Principal investigator (ÚFAL): 
Grant id: 


Corpus-based Valency Lexicon of Czech Nouns

The project dealt with the lexicographic treatment of valency of Czech deverbal nouns.

The lexicon, called NomVallex I., is available in three formats:


An example of two related lexicon entries:

The main characteristics of the NomVallex I. lexicon can be summarized as follows:

  1. The lexicon captures valency of Czech deverbal nouns belonging in at least one of their meanings to one of the following semantic classes: Communication (e.g. dotaz ‘question’, dotazování (se) – dotázání (se) ‘asking’), Mental Action (e.g. plán ‘plan’, plánování ‘planning’) or Psych State (e.g. nenávist ‘hatred’, nenávidění ‘hating’). In total, the lexicon includes 505 lexical units in 248 lexemes (when considering aspectual counterparts, such as namítáníimpf – namítnutípf ‘expressing objections’, to be individual lexical units, the number rises to 655 lexical units covering a total of 297 lemmas).
  2. The lexicon is created within the theoretical framework of Functional Generative Description.

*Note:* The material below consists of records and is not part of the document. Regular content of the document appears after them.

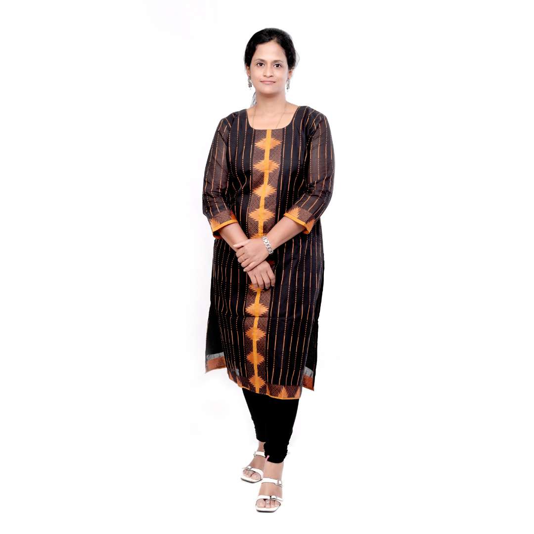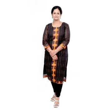 Step into effortless elegance with our Black with Mustard Stripes Cotton Kurti β a perfect...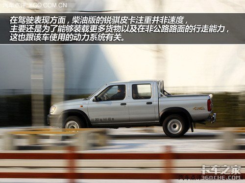 在驾驶表现方面,这款柴油版的锐骐皮卡注重并非速度,主要还是为了能够装载更多货物以及在非公路路面的行走能力,这也跟该车使用的动力系统有关。
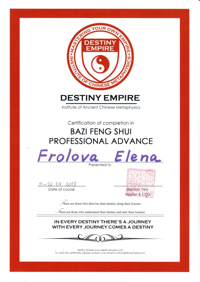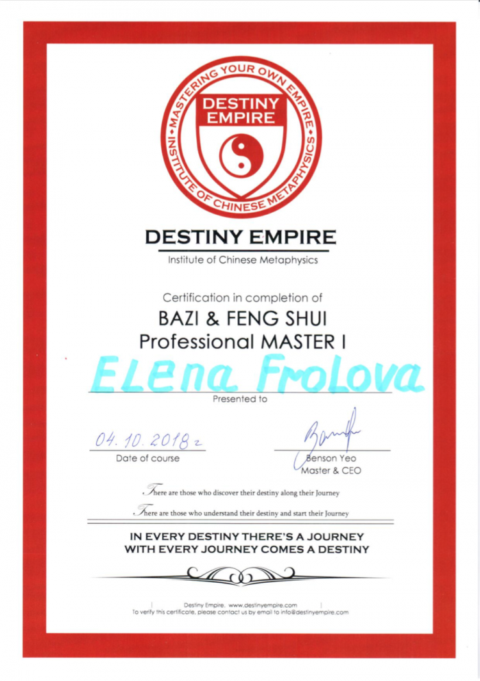 Открыла для себя инструменты Фэн Шуй, На Инь, Ба Цзы. В 2011 году вошла во «волшебные врата» Ци Мэнь Дунь Цзя, которые стали «точкой опоры» на пути перемен.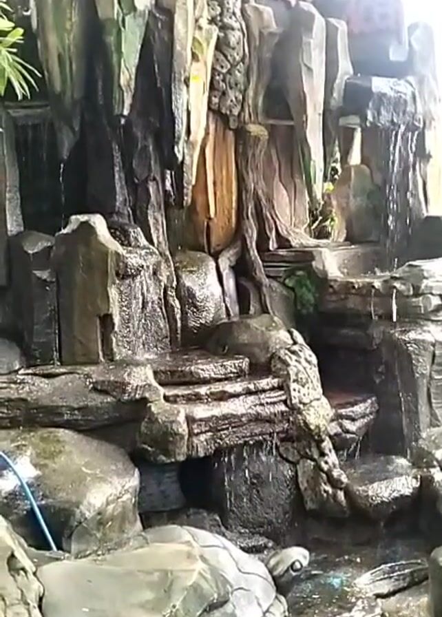 n artificial waterfall feature made of stone and concrete. The structure is multi-tiered, with water cascading down multiple levels. There's a turtle statue at the base of the waterfall. Green plants are incorporated into the design. The sunlight washes out some of the upper part of the scene.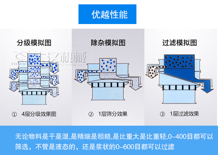 我們的不銹鋼旋振篩采用"強力"新型動力激振器,三維動力更加突出,無論物料是干是濕,是精細是粗糙,是比重大是比重輕,0-400目都可以篩選,不管是液態的,還是漿狀的0-600目都可以過濾,旋振篩系列產品同時配備專門的篩網清理裝置,把堵網率降到低,我們還可根據客戶需求設計特殊型號,讓用戶有更多的選擇。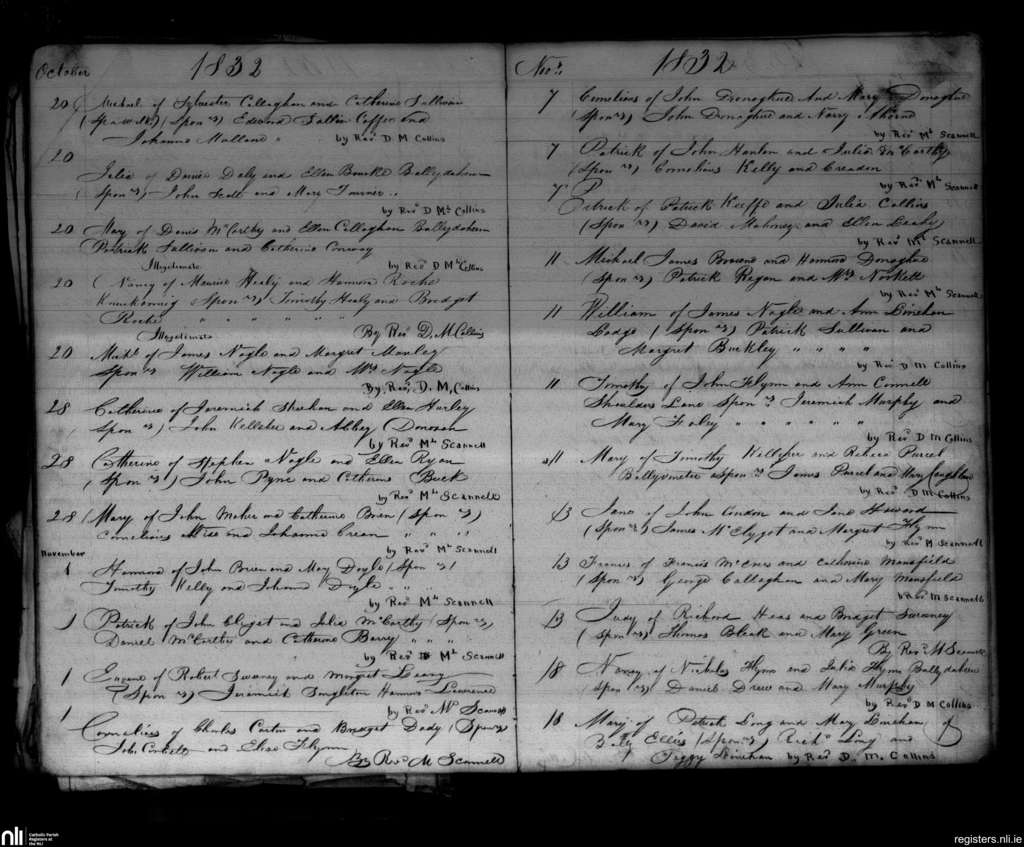 Mallow; County of Cork; Diocese of Cloyne. Baptisms, Oct. 1832 to Nov. 1832

It is founded on data from the SYN series of corpora from the Czech National Corpus and the Araneum Bohemicum Maximum corpus.
  3. The lexicon follows in the footsteps of the VALLEX lexicon (Lopatková et al., 2016b); it adopts the VALLEX annotation scheme, and in relevant cases, deverbal nouns captured in NomVallex I. mirror the division of lexemes into lexical units and the assignment of lexical units to semantic classes of the base verbs captured in the VALLEX lexicon. (In its electronic version, NomVallex I. also provides links to the valency lexicon PDT-Vallex.)
  4. It captures all lexical meanings of the nouns, differentiating between basic “categorial” meanings, i.e. action (e.g. žádání (si) ‘asking’, dovtípení (se) ‘inferring’), abstract result of an action (e.g. žádost ‘request’), property/quality (e.g. důvtip ‘ingenuity’), material object (e.g. pohled ‘postcard’) and container/quantity (e.g. počet ‘number’).
  5. Considering morphosyntactic properties of the studied nouns, the lexicon differentiates three basic types of noun derivates, namely syntactic, syntacticolexical and lexical derivates. In order to be able to compare valency behaviour of different types of noun derivates, a decision was made to include both stem-nominals (derived from verbs by suffixes -ní/-tí and containing a theme suffix, e.g. žádání (si)impf ‘asking’, navrhováníimpf – navrhnutípf1 – navrženípf2 ‘suggesting/proposing’, namítáníimpf – namítnutípf ‘expressing objections’) and root-nominals (derived from verbs by various suffixes, including the zero suffix, but not containing a theme suffix, e.g. žádost no-aspect ‘request’, návrhno-aspect ‘proposal’, námitkano-aspect ‘objection’).
  6. Nouns matching the following criteria were included in the lexicon: its semantic class is either Communication, Mental Action or Psych State, its categorial meaning is action or abstract result of an action, and it exhibits non-systemic valency behaviour (especially non-systemic forms of participants). When both stemnominals and root-nominals derived from the same verb are available, both are included if at least one of them satisfies the above criteria in at least one of its senses.
  7. Valency properties are captured in the form of a valency frame (in which valency slots are specified by a functor and a list of morphemic forms), and examples which occurred in the corpus data. The lexicon aims to illustrate the full range of syntactic structures of noun phrases, and thus the syntactic behaviour of every lexical unit is exemplified with all combinations of its participants (in all forms specified in the valency frame) which were found in the corpus data.
  8. In accordance with valency lexicons VALLEX and PDT-Vallex, the NomVallex I. lexicon assumes that every lexical meaning (sense) is linked to a corresponding valency frame, and vice versa, a difference in valency frames proves a difference in meaning. Morphosyntactic properties are taken into account when there is ambiguity about whether separate senses should be distinguished or not.
  9. Along with the printed version, the NomVallex I. lexicon is also available in an electronic form, both as publicly available web-pages ( and as machine readable data suitable for further research into valency of Czech deverbal nouns and for other NLP applications. The online version and an offline application allow for formulating specific and complex queries based on a wide range of criteria, e.g. the type of derivation of the noun (stem vs. root nominals), its aspectual characteristics, categorial meaning, semantic class, types of its valency complementations and their morphemic forms (including their distribution depending on the type of the noun and/or the type of the complementation itself, individually and in combinations), and the relation of the noun to its base verb including the differences in valency behaviour. Last but not least, the lexicon also quotes rich corpus evidence supporting the valency characteristics described in the given valency frames.
  10. A comparison of valency frames of nouns in the NomVallex I. lexicon and valency frames of their base verbs in VALLEX enables us to gain insight into systemic and non-systemic valency behaviour of Czech deverbal nouns.